Leave every picture out and return the rest of the listing verbatim.

# DATASET SECTION

*****

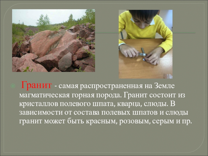 Гранит - самая распространенная на Земле магматическая горная порода. Гранит состоит
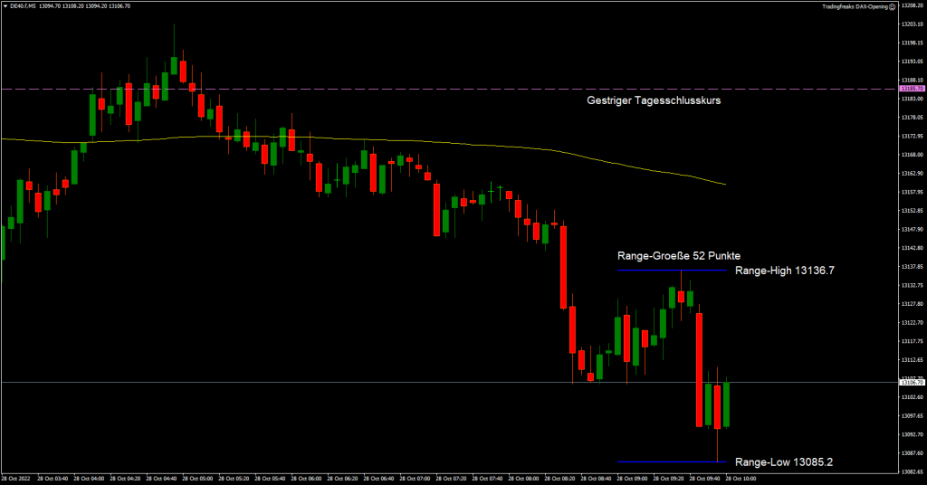 Die Handelsspanne im DAX beträgt in der letzten Stunde bislang 52 Punkte.
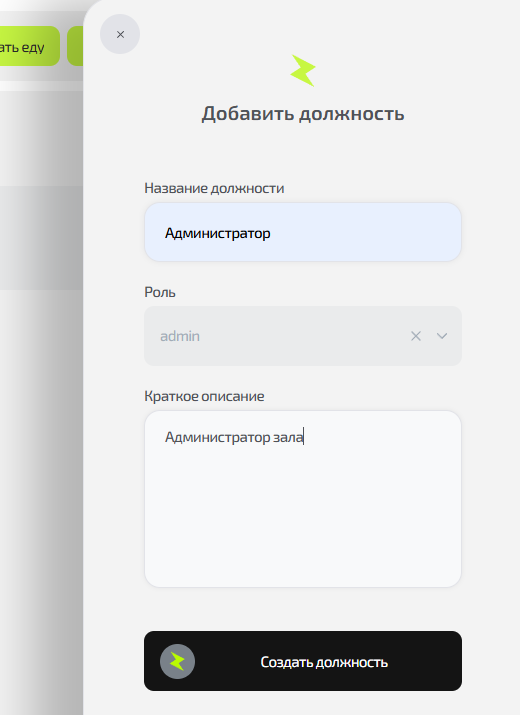 - Нажмите на кнопку сверху справа «Добавить должность», откроется окно добавления должности;

*****

# SOLUTION TO THIS TASK
 Гранит - самая распространенная на Земле магматическая горная порода. Гранит состоит
 Die Handelsspanne im DAX beträgt in der letzten Stunde bislang 52 Punkte.
 - Нажмите на кнопку сверху справа «Добавить должность», откроется окно добавления должности;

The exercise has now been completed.